Matt shrugged. “It’s on the coast. Just north of us. About seventy miles away. Passed Topsail Beach.”
“Oh,” said Peter. “Yeah. That’s a nice beach. But what the fuck happened at the base?”
“Can we come out?” Phebe asked from the cabin door.
“Mazy’s gonna loose her shit seeing Marines gone pirate,” Matt said.
Peter looked up to the flybridge wheelhouse, where the snipers lurked in the dark. The windows open.
“Crap. Well. Let’s get on with this. Let the Marine wrath begin.” Peter raised his volume. “Just shooters can come out, Pheeb. Too ugly for the rest.”
“They’re in Syanna’s bedroom.”
“Keep them there. And it’s my bedroom.”
Tyler followed Phebe out. They looked wide-eyed at the bodies. Mazy dragged the dead body out of the cabin.
“Some help.”
Chris stepped forward and took the dead man under the arms while she took the legs.
“It’s a blood pool mess in there,” she said.
“Do we throw him overboard?” Chris asked.

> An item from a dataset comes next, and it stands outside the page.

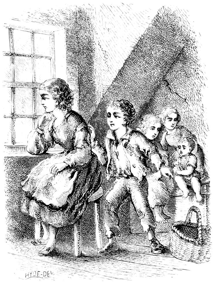 It was, as I said, one night after a visit to old Madame Hansmann that Berty’s wish came into her heart. She was sitting in her attic, striving patiently, by the light of a candle-end which Biddy had given her, to fashion a frock for little Fritz from an old one of her own. She was not a very skilful seamstress, and her materials were none of the best; so, as you may imagine, she was much too busy at first to pay much attention to the children’s chatter, as they frolicked and tumbled upon the old straw bed in the corner. Presently, however, having planned out her work to her mind, her attention was attracted by their talk.

“Let’s scavenge them first. See if they got anything we can use.”
Chris dropped the body on the deck like a sack of potatoes. Mazy released the legs.
She sighed loud.
“Just do it,” said Peter. “They’re Marines. Wanna kick ‘em?”
“What the fuck happened that Marines turned into this?” she demanded.
“That’s what we were trying to figure out.” Matt checked dead man’s pockets.
“Should we take their boots?” Tyler asked.
“Are we to that level now?” asked Matt.
“Better to just do it and ask questions later,” said Chris. “If you got the stuff, you can ask questions. If you don’t got it, it over. Done.”
“I’m taking the boots,” Tyler declared.
Guns, mags, holsters, belts, knives, boots and radios gathered in piles.
“Who cleans up the blood mess inside?” Peter hoped for a volunteer.
“He who killed cleans up his own mess,” Matt said.
“Damn it. Anyway to get the houseboat women to do it?”
“Really?” said Mazy.
“Yeah.”
“Everybody’s lost their damn minds!”
“That’s assuming I was sane before this.”
“It’s not a joking time, Sullivan.”
“What did I do?”
Ben came down the ladder.
“They’re Marines from Lejeune,” she told him.
“I got that.”
“Maybe they weren’t really pirating.”
“No,” said Matt. “There’s a shitload of civilian stuff on their skiffs.”
“Shit!”
Peter said to Phebe, “Where’s those girly wipies? I don’t won’t to waste water cleaning my knife.”
“You gonna use them on the deck too?”
“No. Just go get them.” He reconsidered his bossiness. “Please, babe?”
She chuckled. “Because you said the magic word.”
“What happened?” Mrs. Beasley confronted her in the dark companionway.
Phebe held the box of wipies she retrieved from the bathroom. She politely lowered her headlamp’s beam. “The guys took care of it.”